When using “ones” as your weight field you might expect that the denominator should be the same for both of your projections: the total length you’re projecting along. But, that’s not what yt is doing here. Since you’re only including zones above some threshold, the denominator for the cut region is projection is smaller systematically (it varies depending on how many zones along the line of sight are discarded), yielding systematically higher values in the final result.

What you want is an unweighted projection, which is independent of the path length.
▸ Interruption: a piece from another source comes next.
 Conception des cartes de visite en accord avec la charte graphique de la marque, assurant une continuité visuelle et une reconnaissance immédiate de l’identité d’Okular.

That’s the reason yt returns unweighted projections as surface densities, it really is independent of the path length and we don’t try to make a possibly ambiguous choice about what the “right” path length is.
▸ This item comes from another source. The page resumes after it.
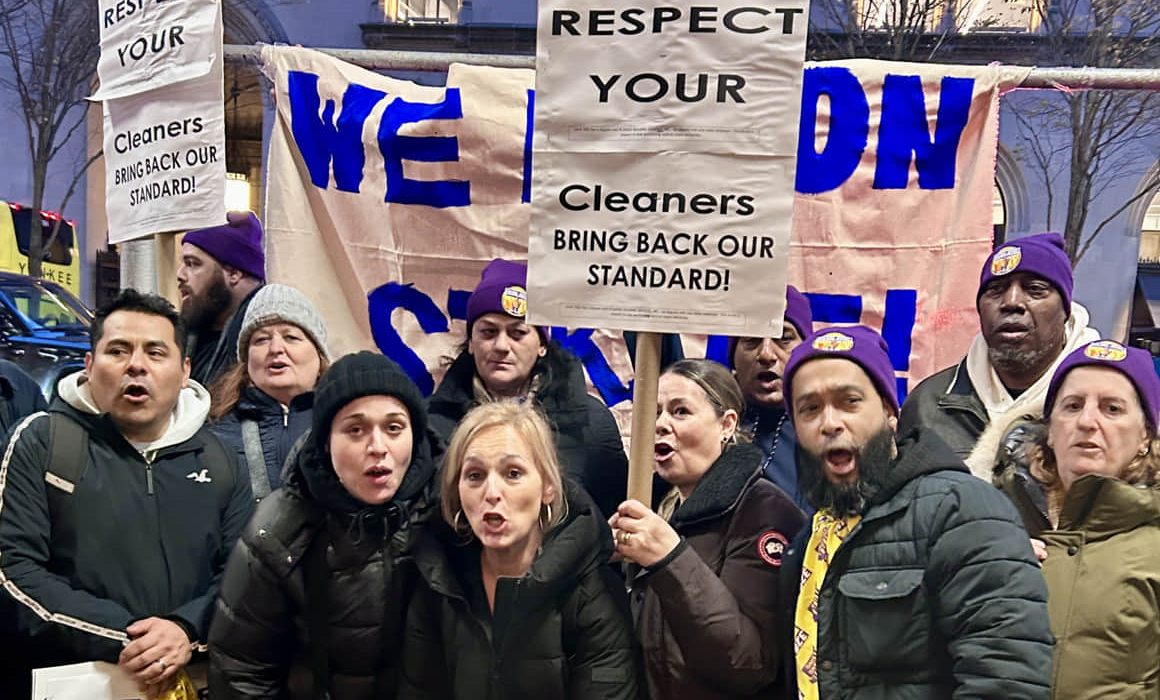 Mantienen huelga trabajadores de limpieza de NY por recorte salarial

If you really want the units to be of a volume density instead of a surface density, you could get the image array as I referred to in my original reply and then multiply the image by a path length, e.g.:


    from yt.units import kpc
    image *= 300*kpc

And then plot the image manually with matplotlib.

I think it might be useful to add an option for yt to compute unweighted projections in this way so you could continue using ProjectionPlot directly, but that’s not the way ProjectionPlot works right now.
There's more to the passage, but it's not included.